A reflection on Mark 1: 9-15 by Imogen Nay
Sara Maitland writes in A Book of Silence about her own journey into silence as a modern day, somewhat alternative hermit. In one particular chapter Sara describes some time she spent in the Sinai Desert and this leads her into some specific insights. In an engaging paragraph she writes:
I started to think that perhaps silence is God. Perhaps God is silence – the shining, spinning ring of ‘pure endless light’. Perhaps God speaking is a ‘verb’, an act, but God in perfect self-communication in love with the Trinity, is silence and therefore is silence. God is silence, a silence that is positive, alive, actual and of its ‘nature’ unbreakable.*
It is the first Sunday of Lent and a time when the Church year invites us to enter into the desert with Jesus and to face Satan, our demons and temptation. Through fasting, discipline and prayer we are encouraged to have faith in the power of God to overcome our weakness and also to accept forgiveness: it is a period of repentance, of self-discovery and sacrifice. As the Book of Common Prayer collect puts it:
O Lord, who for our sake didst fast forty days and forty nights; Give us grace to use such abstinence, that, our flesh being subdued to the Spirit, we may ever obey thy godly motions in righteousness and true holiness, to thy Godly honour and glory, who livest and reignest with the Father and the Holy Ghost, one God, world without end.
Sara’s reflection on silence in the desert made me wonder about the relationship between the desert and God’s creative silence. It’s true that we spend a lot of time in the Church reflecting upon the Word – the act of the Father in Christ the Son. But if what lies behind that act is God’s silence, what is the implication for our devotional practice, for our seeking of wisdom in the Holy Mystery of Divinity?

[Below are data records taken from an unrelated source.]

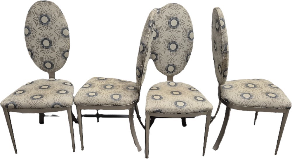 Brushed steel frame, chair glides, no damage or bends. Chairs are classic vintage, not readily available,
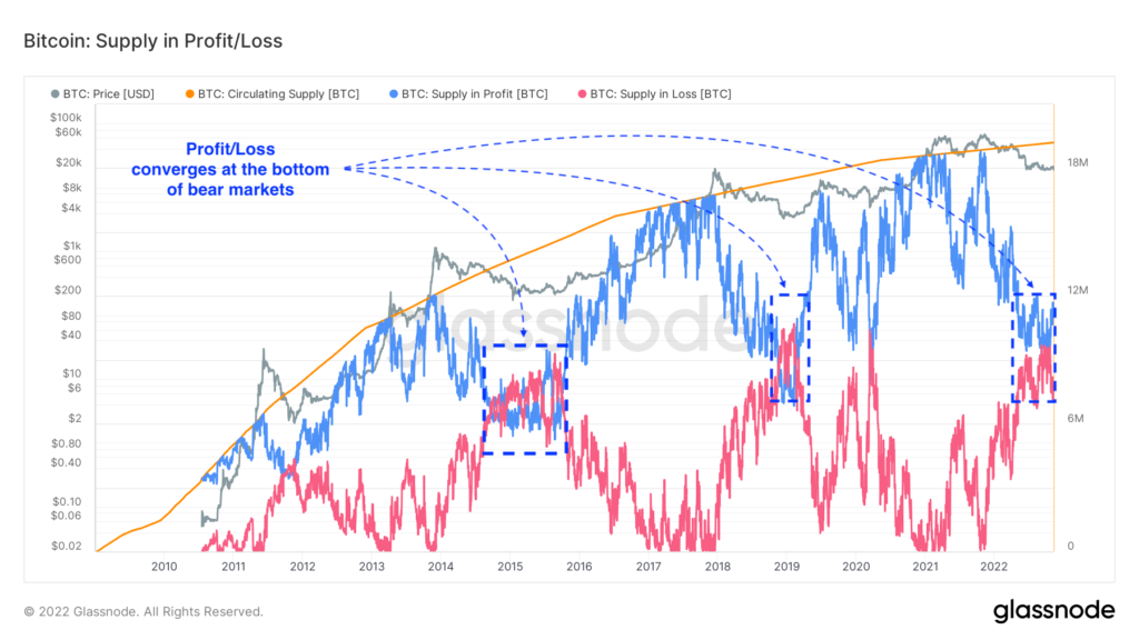 Pri kúpe alebo predaji bitcoinu sa jeho nadobúdacia cena zaznamená do UTXO transakcie (Neutratený výstup transakcie) a uloží sa do blockchainu bitcoinu. Uvedený graf znázorňuje objem ponuky BTC v zisku (modrá) a strate (červená) v porovnaní s ponukou bitcoinov v obehu (žltá čiara). Vzťah medzi mincami držanými v zisku a strate je nepriamo úmerný, keďže každý token musí byť v jednej alebo druhej kategórii. Oblasti ponuky sa menia podľa toho, ako sa mení spotová cena BTC a pohybuje sa nad alebo pod hodnotami UTXO. Veľké zmeny v zisku a strate spojené s relatívne malými pohybmi ceny naznačujú veľký počet mincí pohybujúcich sa v tejto cenovej oblasti. K tomu zvyčajne dochádza po dlhých obdobiach konsolidácie, keď značný počet BTC mení majiteľov. Minulé medvedie trhy sa podobajú súčasnému trhu, keď sa PnL pohybovali bližšie k sebe a konvergovali okolo dna minulých cyklov. Tieto obdobia môžu trvať mesiace, ale nakoniec sa zlomia, keď sa trh obráti a začne sa nová býčia rely.
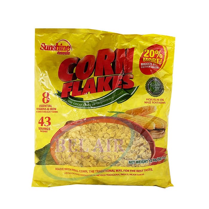 Sunshine Cereal Corn Flakes  provides you with 8 essential vitamins and iron for a healthy and nutritious breakfast bowl or snack.  Get better value and 20% more in this 1.2kg bag. This delicious cereal is made from real corn in a traditional way, giving you great taste in each bite.
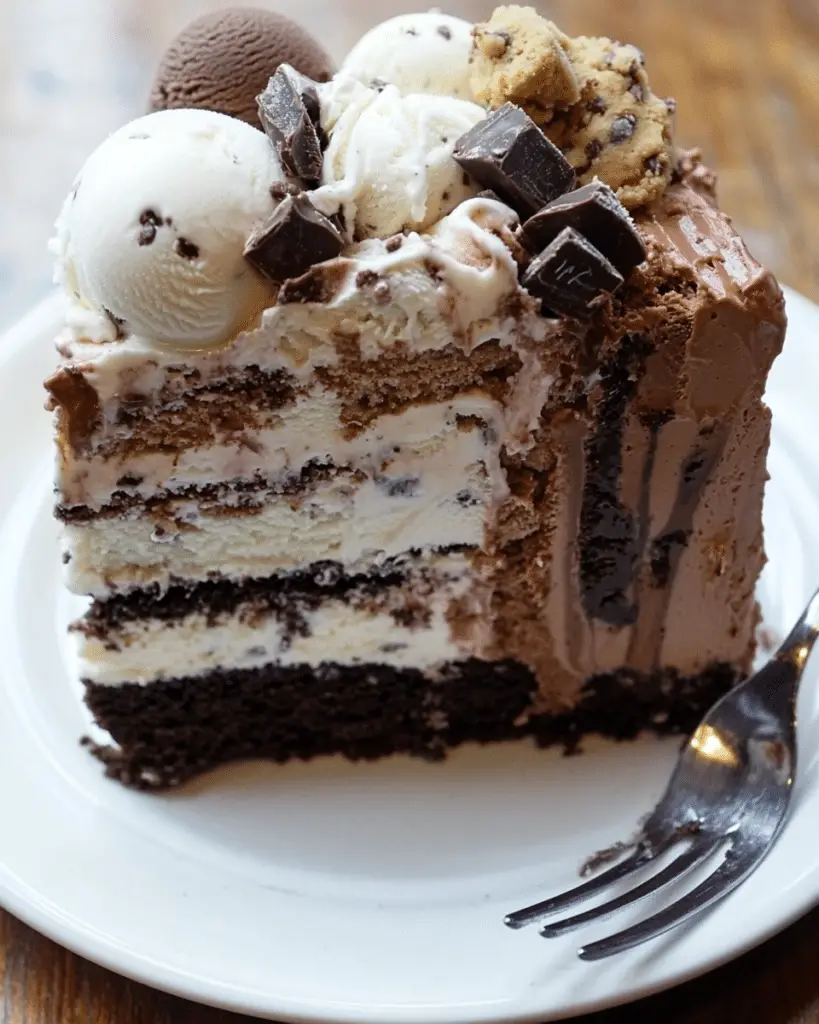 Summary: This is an elaborate, multi-layered frozen dessert featuring a chocolate cookie crust, layers of vanilla, chocolate, and birthday cake ice cream, a brownie layer, a stabilized whipped cream frosting, and a separate frozen “crown” topping made from scooped premium ice creams and mini meringues. It’s assembled in stages with significant freezing time required for each layer.

In Powers and Submissions, Sarah Coakley addresses the charge of whether ascetic practices have been used to encourage women’s submission, disassociated introversion, apolitical anaesthesia and ultimately the silencing of women**. She argues that contemplative practice should be at the centre of feminist theologies, as being that which leads to a proper disciplining of self as well as assisting freedom from all that binds and manipulates. She writes: ‘the means of peace, and indeed of the final gender equity that must attend it, are patient practices of transparency to God, by whose light political strategies must ultimately also be illuminated.’***
Such a feminist theology of contemplative practice as a philosophy of religion fits neatly into the Lenten themes of fasting and prayer. If the ‘Church’ and religious tradition have been guilty of subjecting women to various limiting stereotypes and models, freedom from religious misuse of power and subjection comes for Coakley through the patient practice of silence.

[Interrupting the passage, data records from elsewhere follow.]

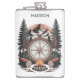 The flask itself is fine. It’s a cheap flask, obviously bought in bulk, however am prepared to overlook that. Given that it is a personalized item, I would have liked to have seen gift boxing instead of the generic packaging. Terrible printing, and/or quality. It’s a cheap, tacky vinyl. It is not cut straight and is also applied in a way that it is overhanging the bottom, causing the glue to catch on items and it will eventually roll and tear, damaging the wrap.
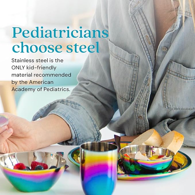 - FUN BONDED COLOR: Each rainbow stainless steel kids plate features a safe titanium PVD finish — never paint or harmful coatings — for brilliant, fade-resistant color. This process bonds the hue directly to the metal, creating durable, easy to clean kids stainless steel plates that look beautiful for years.
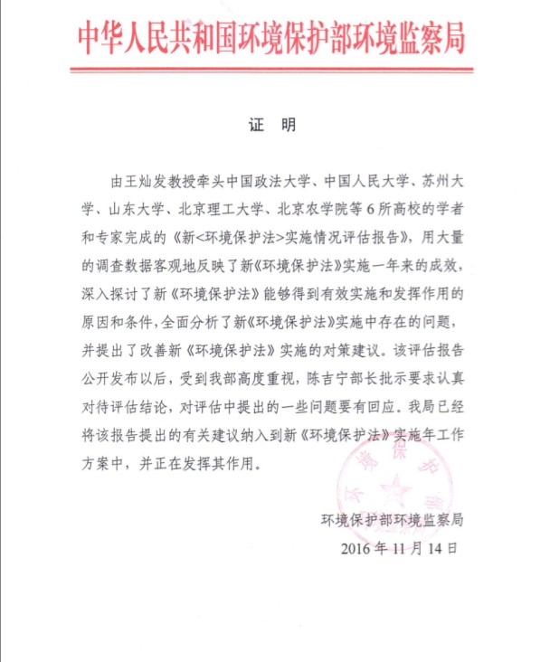 米兰教师参与完成《新<环境保护法>实施情况评估报告》获国家环保部长批...
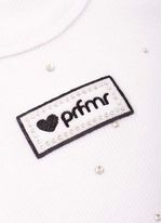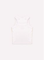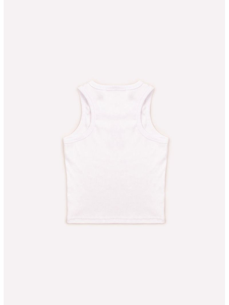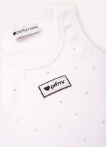 Blusa regata de ribana. Gola redonda. Detalhe frontal com aplicação de cristais e do logo PRFMR. Esta blusa é confortável e atemporal.
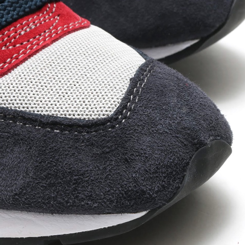 On vous présente aujourd’hui un coloris inédit sur cette New Balance 996 aux empiècements en cuir suédé de couleur rouge bordeaux et bleu qui contrastent avec un mesh gris clair.
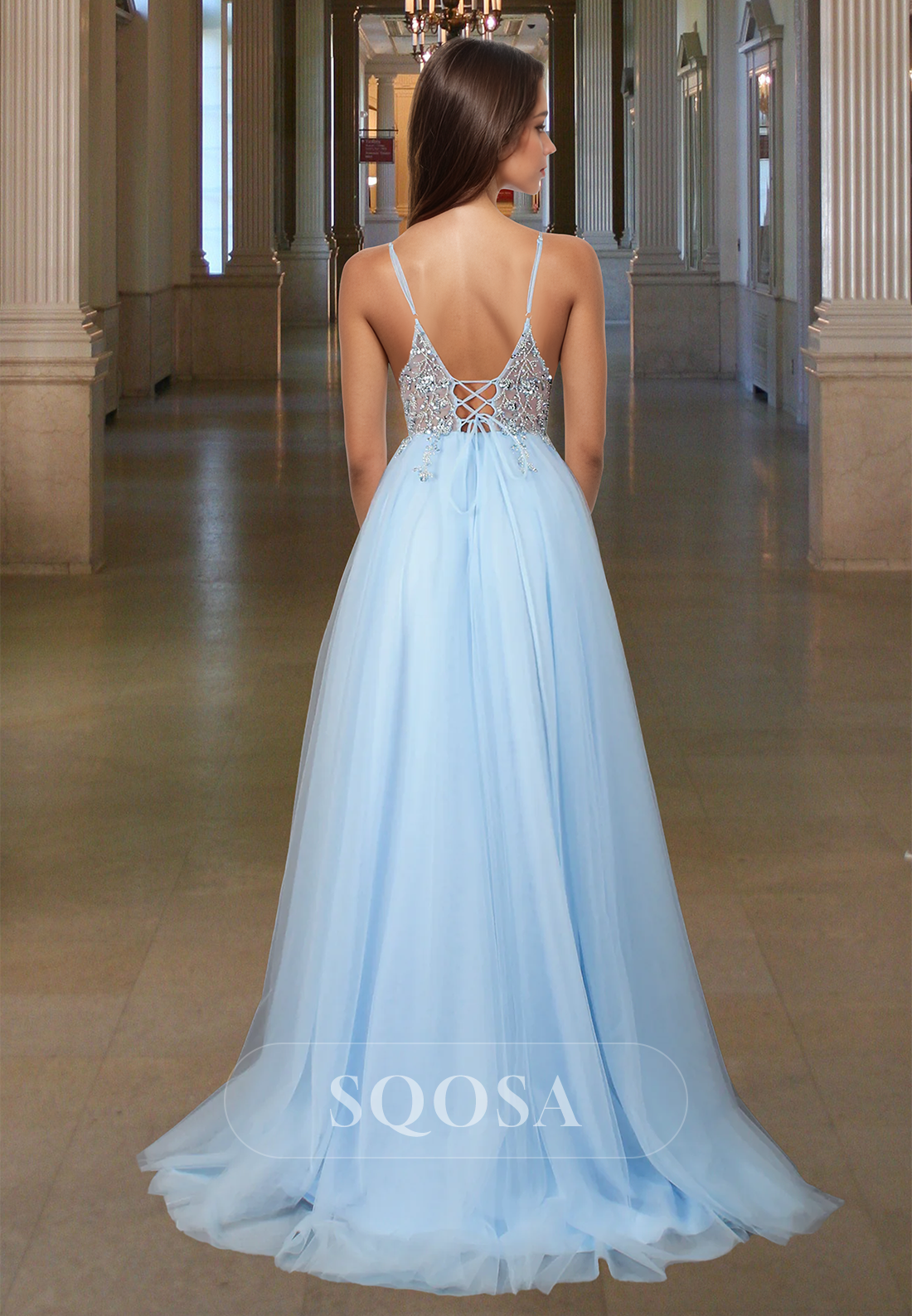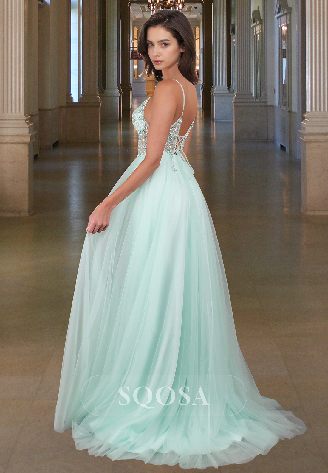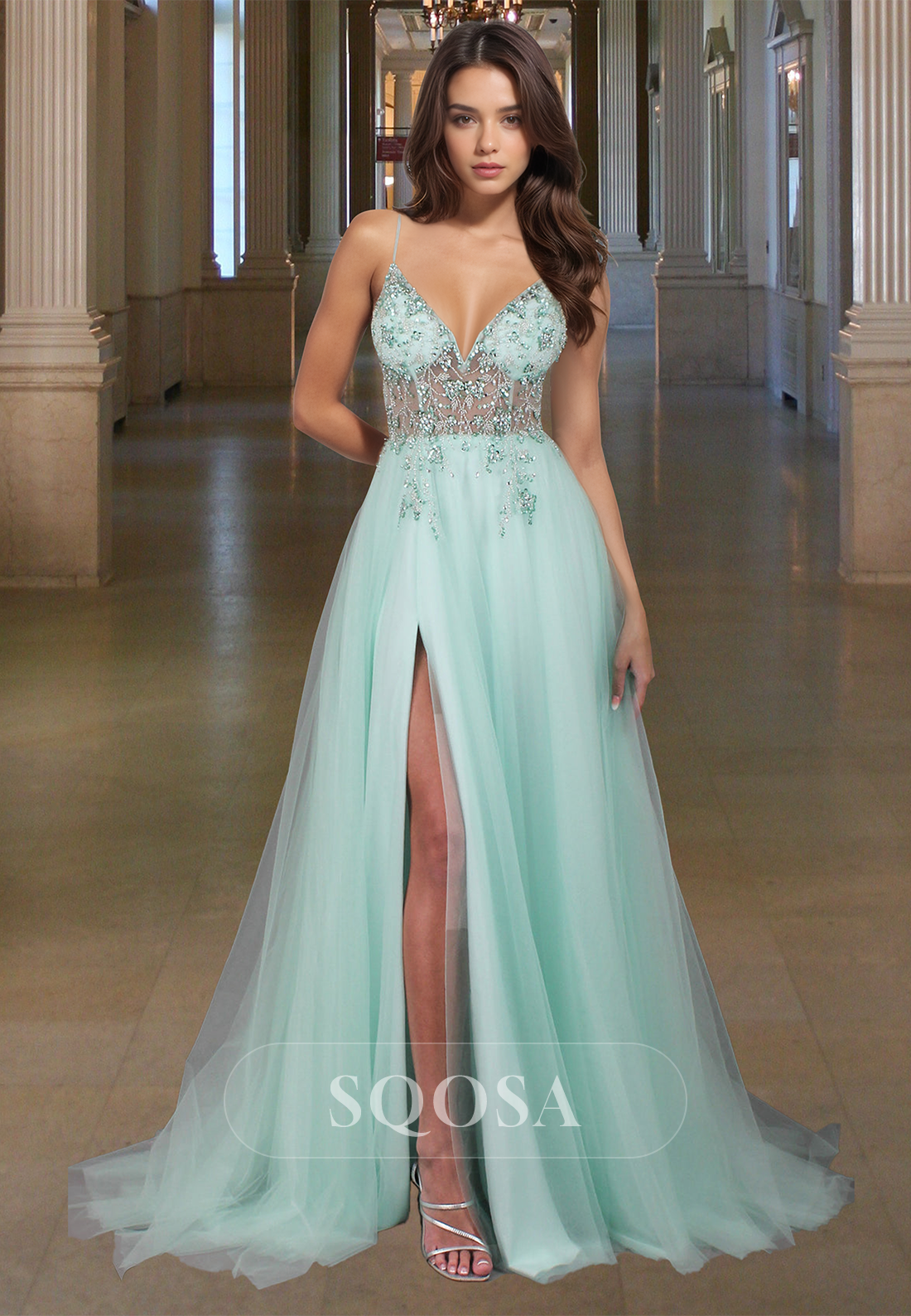 V-Neck Spaghetti Straps Sleeveless Glitter Applique Pleated Tulle A-Line Prom Dress with High Slit

It is perhaps no coincidence that two very different but similarly engaged contemporary (feminist) writers on religion should be drawn to silence and contemplation as a means of liberation. It is perhaps only from the deep creative silence of God that a proper religious renewal can emerge, one that re-generates religious language and practice.
The question of the language we use to speak of God and to God is at the heart of course of the practice of religious belief and doctrine. In my own Church (the Church of England) the work of organisations, like ‘Inclusive Church’ seek to employ language as a means of expressing the inclusive love of God. In their commitment to diversity, play, creativity, freedom and novelty in liturgy, prayer, poetry and theology they hope to translate a theology of inclusion into a practice of inclusion.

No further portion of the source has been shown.